Link Prediction. Link prediction is one of the important applications of node embedding methods. It predicts the likelihood of an edge formation between two nodes. Examples of this task include recommending friends in social networks and finding biological connections in biological networks. Link prediction can be formulated as a classification task that assigns a label for edges. Edge label 1 means that an edge is likely to be created between two nodes and the label is 0 otherwise. For the training step, a sample training set is generated using positive and negative samples. Positive samples are the edges the exist in the graph. Negative samples are the edges that do not exist and their representation vector can be generated using the node vectors. Similar to node classification, any classification method can be trained on the training set and predict the edge label for test edge instances.
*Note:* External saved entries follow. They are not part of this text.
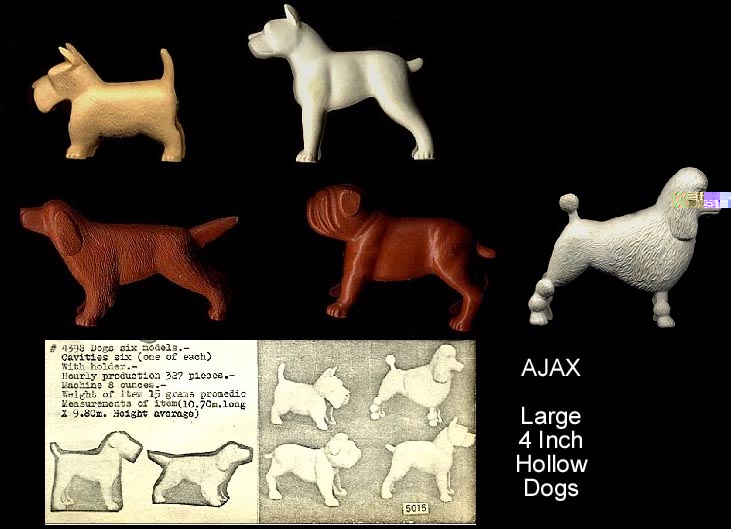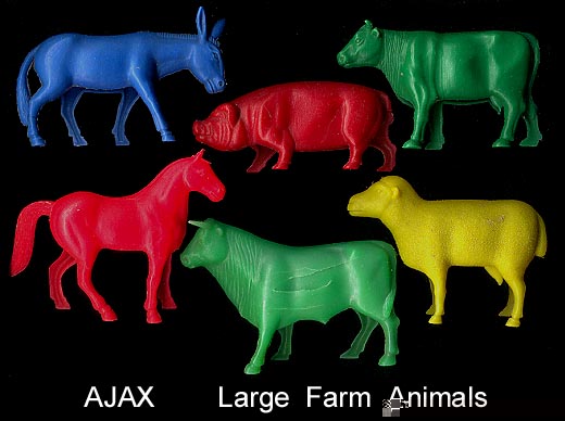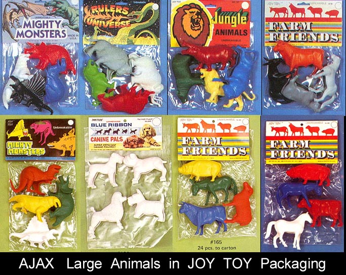 These were made by Ajax and then RECAST in the 1970s & 1980s by Joy Toy (as seen in the Joy Toy catalog pictures shown above generously given to us by Seymour Arenstein's daughter Joy A.Glucksman), and some in the 1990s by Tootsietoy. We do not know how to tell the difference between the Ajax, Joy Toy & Tootsietoy pieces. Most of the loose pieces probably date to the later Joy Toy or Tootsietoy production. Animals seem to have been made in sets of six but we are not certain if that was always true.
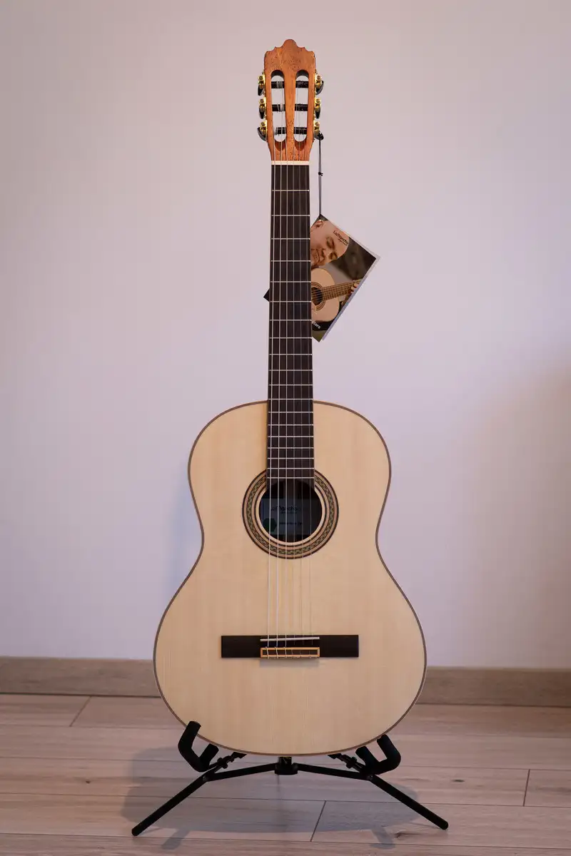 Eladó a képeken látható új La Mancha Esmeralda SM típusú klasszikus gitár.Tömör német fenyő tetővel, padouk oldal és hátlappal.
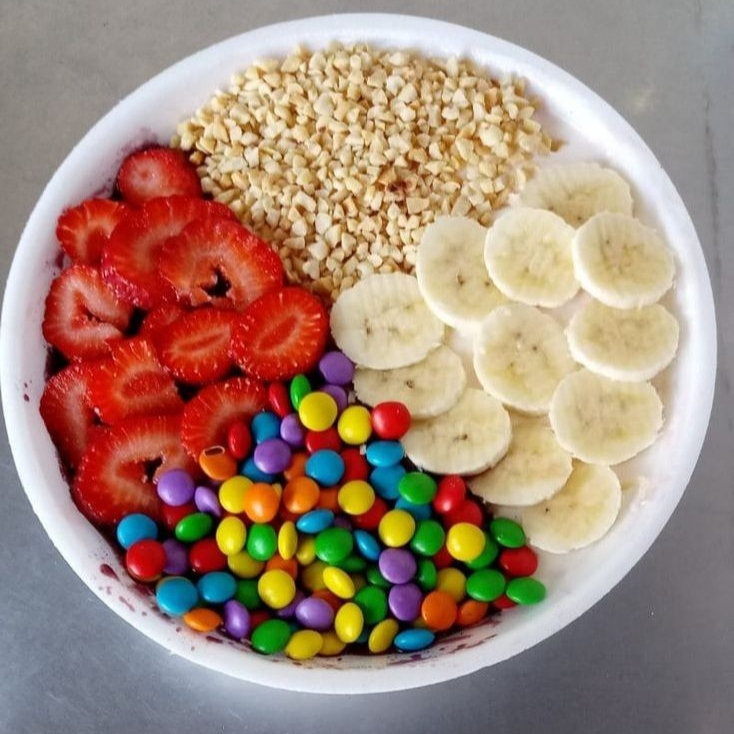 São até 4 acompanhamentos grátis no valor e não poderão ser enviados separadamente. Os adicionais com valor são os pagos á parte. Atenção: O Açaí não vem com itens separados e nem com frutas batidas, todos os acompanhamentos são montados em camadas. Imagens meramente ilustrativas. Não efetuamos substituições de acompanhamentos em itens promocionais.
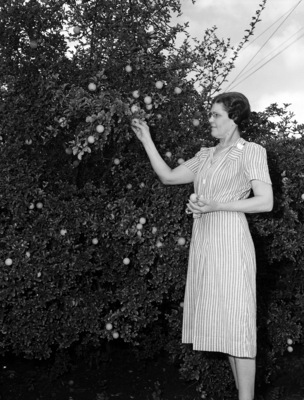 Mrs. M. Frank Kinney is shown wearing a striped dress and glasses and picking fruit from the ornamental orange tree in the yard of her home. The tree, 12 years old, has bloomed three times this year but the fruit in inedible. Published in the Fort Worth Star-Telegram.
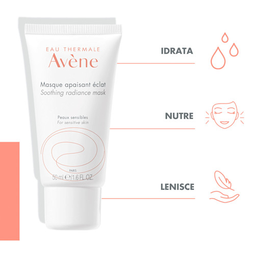 Avene Les Essentiels Maschera Lenitiva Idratante 50ml è una maschera lenitiva che dona comfort ed ha un effetto energizzante per la pelle stanca (lineamenti segnati e carnagione spenta) e per la pelle sensibile disidratata e con sensazioni di disagio. Formulata con una miscela di estratto naturale di frutti rossi, un "booster" per le cellule della pelle, una forma stabile di vitamina E antiossidante e un cocktail di principi attivi nutrienti e idratanti per contrastare i segni di affaticamento. Rivela la bellezza naturale della pelle, idrata e rafforza la barriera cutanea. L'Acqua Termale Avène, lenitiva e addolcente, completa questo trattamento protettivo, lasciando un velo di morbidezza sul viso. L’incarnato appare riposato e radioso.
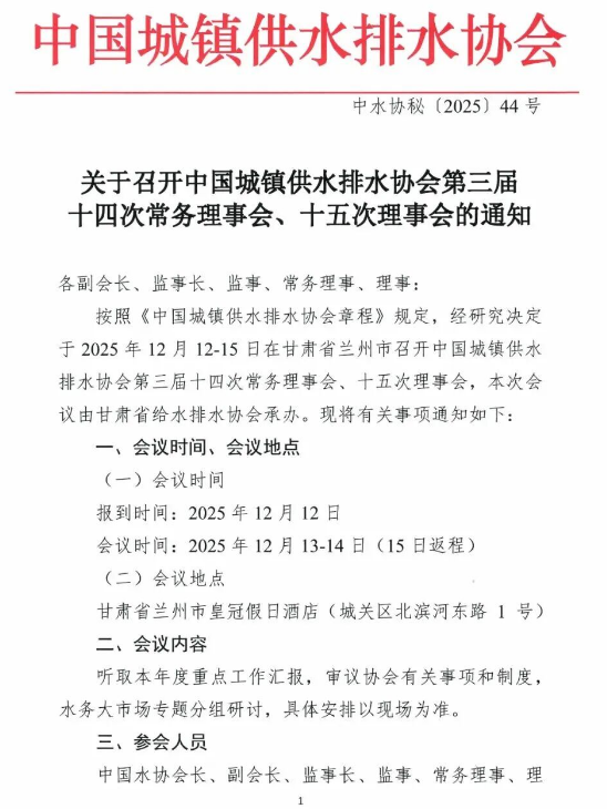 关于召开中国城镇供水排水协会第三届十四次常务理事会、十五次理事会的通知
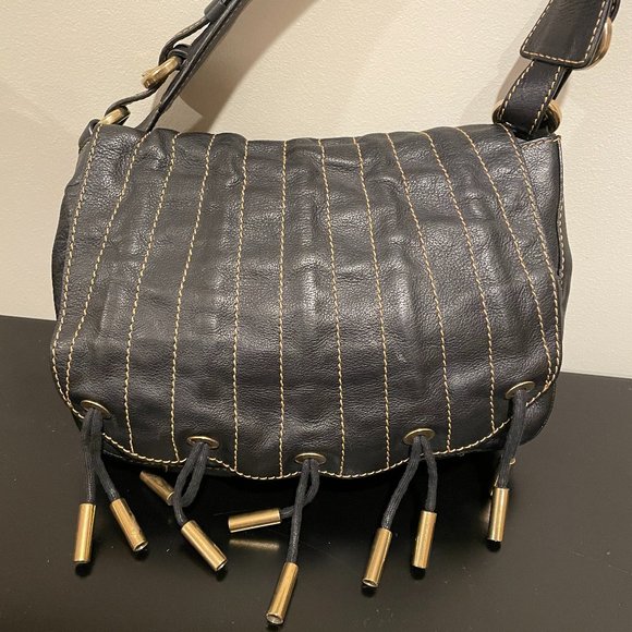 Vintage Donna Karan Collection Black Leather Small Shoulder Evening bag - in perfect mint condition - hardly used. From non-smoking, pet-free home.
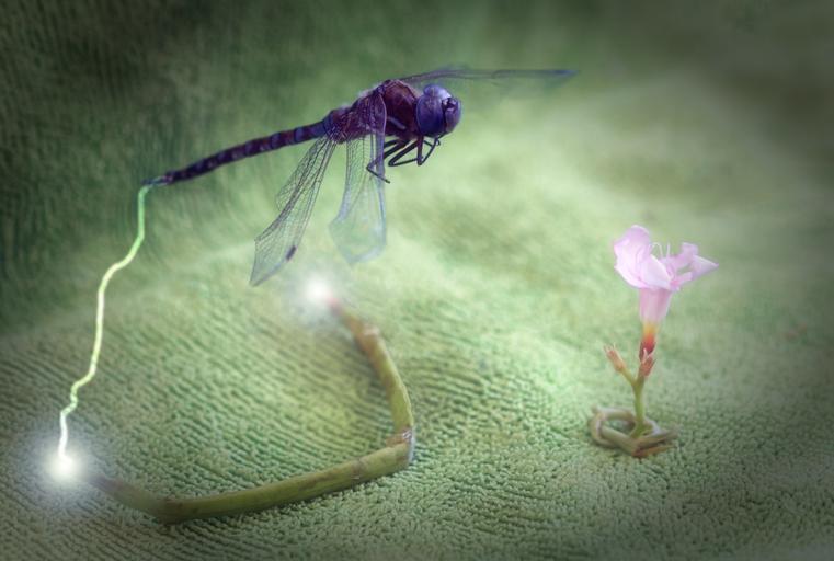 Keywords: dragonfly bug insect flower plant fantasy electricity wings
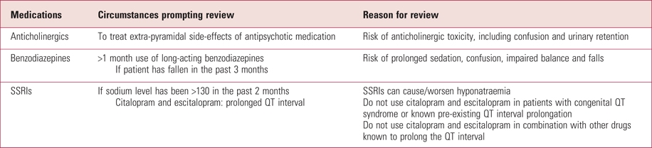 As already noted, people over 65 years of age often have multiple comorbidities and are therefore subject to polypharmacy. Research found that 45% of older adults attending an emergency department were taking five or more medications and 11% are taking ten or more (Banerjee Reference Banerjee, Mbamalu and Ebrahimi2011). A balance of under- and overprescribing is needed to avoid prescribing cascades and there are now several tools available to review a patient's medications and identify any drugs that are unnecessarily contributing to polypharmacy. One that has been used widely across general practice is STOPP/START (Screening Tool of Older People's Prescriptions/Screening Tool to Alert to Right Treatment), for which there is a strong evidence base (Gallagher Reference Gallagher, Ryan and Byrne2008). It consists of a list of 65 STOPP criteria and 22 START criteria, and has good interrater reliability. This is a tool that psychiatrists might want to use before commencing clozapine in an older patient, to help reduce the risk of drug interactions. Examples are shown in Table 2. Clinicians might also want to consider the effect of prescribing other psychotropics while a patient is on clozapine. The British National Formulary (BNF) highlights that commonly used antidepressants, in particular fluoxetine and paroxetine, can lead to an increase in plasma clozapine levels, and therefore risk potential toxicity (Joint Formulary Committee 2017). Sertraline has a similar effect, but to a lesser degree. Clozapine use with lithium can increase the risk of extra-pyramidal side-effects and neurotoxicity, and serious adverse events have been reported with concomitant use of clozapine and benzodiazepines.

Anomaly Detection. Anomaly detection is another application of node embedding methods. The goal of anomaly detection is to detect the nodes, edges, or graphs that are anomalous the time that anomaly occurs. Anomalous nodes and graphs deviate from normal behavior.
- For instance, in banks’ transaction networks, people who suddenly send or receive large amounts of money or create lots of connections with other people could be potential anomalous nodes.
An anomaly detection task can be formulated as a classification task such that each instance in the dataset is the node representation and the instance label is 0 if the node is normal and 1 if the node is anomalous. This formulation needs that we have a dataset with true node labels. One of the issues in anomaly detection is the lack of datasets with true labels.
- An alleviation to this issue in the literature is generating synthetic datasets that model the behaviors of real world datasets.
Another way to formulate the anomaly detection problem, especially in dynamic graphs, is viewing the problem as a change detection task. In order to detect the changes in the graph, one way is to compute the distance between the graph representation vectors at consecutive times. The time points that the value of this difference is far from the previous normal values, a potential anomaly has occurred.
Other graph embedding techniques includes graph clustering and visualization.